At the end of the world, it’s the hyperobjects all the way to the bottom


Not surprisingly, reactions to Morton have been intense and polarized. Hyperobjects a (and the hyperobjects have) been described as “pessimistic”, “provocative”, “disempowering”, “revolutionaries”, “disturbing” and quite simply “strange”. At the same time, Morton’s ideas have found a passionate and growing readership outside of traditional universities, attracting everyone from artists and musicians to science fiction writers, architects and students.

In the decade since its publication, Hyperobjects was referenced in a Buddhist blog post on the ecological crisis, a New York Times editorial on digital privacy and a BBC report on how concrete will soon trump all living matter on the planet. Tech writers use the term as a means of talking about the incomprehensibility of algorithms and the Internet; Science fiction author Jeff VanderMeer said he aptly describes the bizarre alien phenomenon he wrote about in Annihilation, his surreal novel became a 2018 film. Icelandic musician Björk reached out to Morton to discuss hyperobjects, and their email correspondence was incorporated into a MoMA exhibit. In 2019, Adam McKay, the former Saturday Night Live Head writer and co-creator of a bunch of blockbuster Hollywood comedies, was so inspired by Morton’s work that he named his production company Hyperobject Industries. “You can feel your brain change very slightly because you never even considered that possibility,” McKay tells me. “It’s Timothy. Every page of their writing has this feeling.

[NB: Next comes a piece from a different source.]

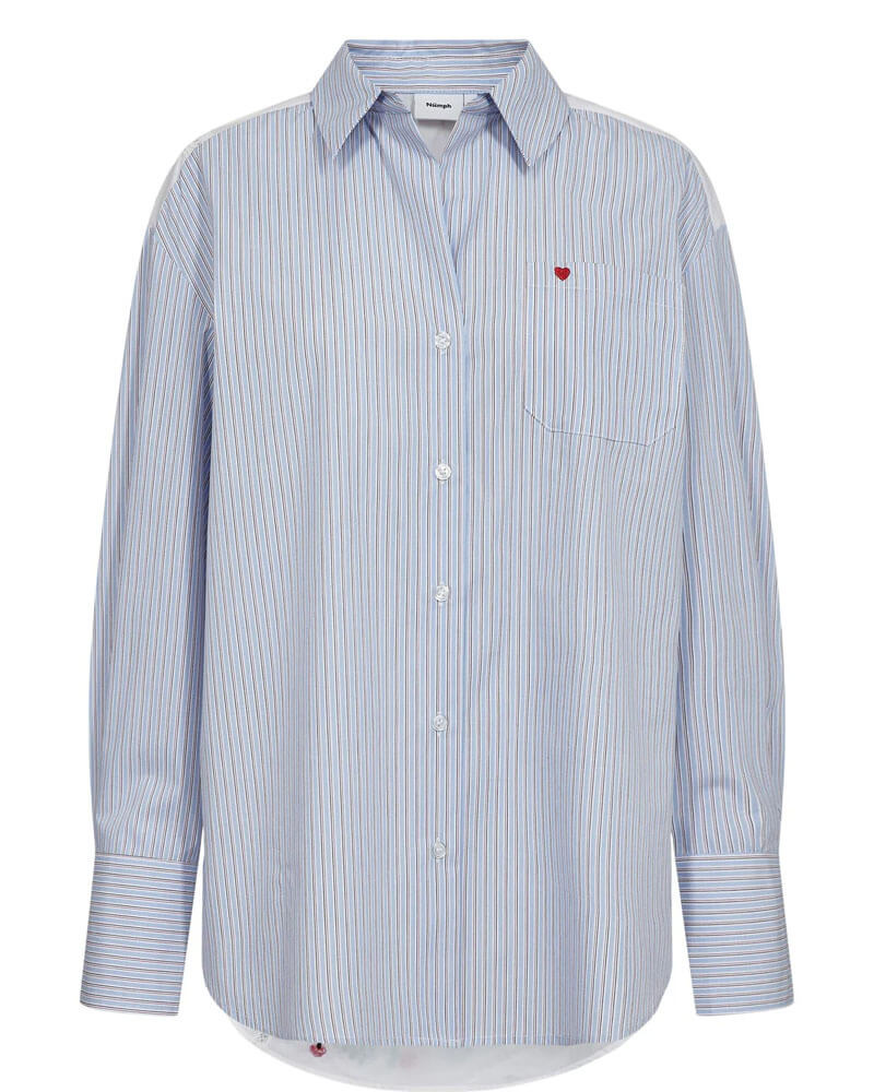 Skjortan med fina detaljer.Skjorta från danska Nümphmed det lilla extra i ljusblå rand med bakstycke i vitt med broderier. En snygg cool skjorta du kombinerar med jeansen och en snygg sneakers.

Then Covid happened, along with a growing number of devastating natural disasters attributed to climate change, and Morton’s ideas became as popular as possible for cryptic philosophical concepts. They even appeared in a Canadian parliamentary debate on the pandemic. “We are seeing something bigger than us, something bigger than we might imagine,” said Charlie Angus, Member of Parliament. “Timothy Morton calls this a hyperobject, something we can’t even fully understand. That’s the power of this pandemic. Desperate to understand – or accept that they couldn’t understand – these huge, interconnected forces, more and more people found resonance in what Morton had to say. “The hyperobjects were already there,” as Morton writes in their book, “and slowly but surely we understood what they were saying. They contacted us.

The message some readers heard in the arrival of these phenomena was frightening: Consider our works, mighty, and despair. But there is another message in Morton’s book, one that Morton increasingly exalts as desperation threatens to cripple so many: Our sense of the “world” might end, but humans are not doomed. . In fact, the end of this limited notion of the world may also be the only thing that can save us from ourselves.


“How do you to tell someone in a dream that they are a character in a dream? Morton asks the first time I meet them. We are in the same small neighborhood of Houston where I spent a year in pandemic containment with my brother. It’s August, and it’s hot like Houston is always hot in the summer: so humid that stepping out the front door feels like stepping into a slightly thicker, bloated dimension. Morton has picked me up in their vibrant Mazda3, and we make our way to the Menil Collection, a museum and art collection housed in five buildings, including a chapel, on 30 acres.

Morton describes the origin of Hyperobjects as oracular, like a radio transmission sent from the future.

Illustration of Frank Nitty 3000

Born in London and educated in Oxford, Morton – who moved to Texas in 2012 for work at Rice – is soft-spoken but intense. The day we meet, they wear a shirt covered with green leaves that disappear and disappear. There’s no way to persuade people in a dream to wake up, Morton tells me as we drive through sprawling freeways, the stereo playing a mix of ’70s progressive rock, deep house, and shoegaze. “You cannot negotiate with them. You have to wow them.

Talking with Morton, much like reading their writings, is a slightly psychedelic experience full of poetic leaps and circumlocutionary spirals through a dizzying array of subjects: Star Wars, Buddhist meditation, romantic poetry, David Lynch, quantum physics, The puppet show. One moment they talk about the death of the planet and the intricacies of Heidegger and Derrida, and the next moment they convincingly explain to me why PM Dawn’s 1991 R&B hit “Set Adrift on Memory Bliss” is one of the greatest artistic achievements of all. time, and why Han Solo Millennium Falcon is a radically democratic ecological being who “heralds the possibility of a new era”. None of this is non sequitur, but the ideas can seem out of reach, like a magical picture about to appear. Because Morton talks so often about things that can’t be talked about directly, the only way to locate them is to walk around them, gesturing with metaphors that almost but not quite touching.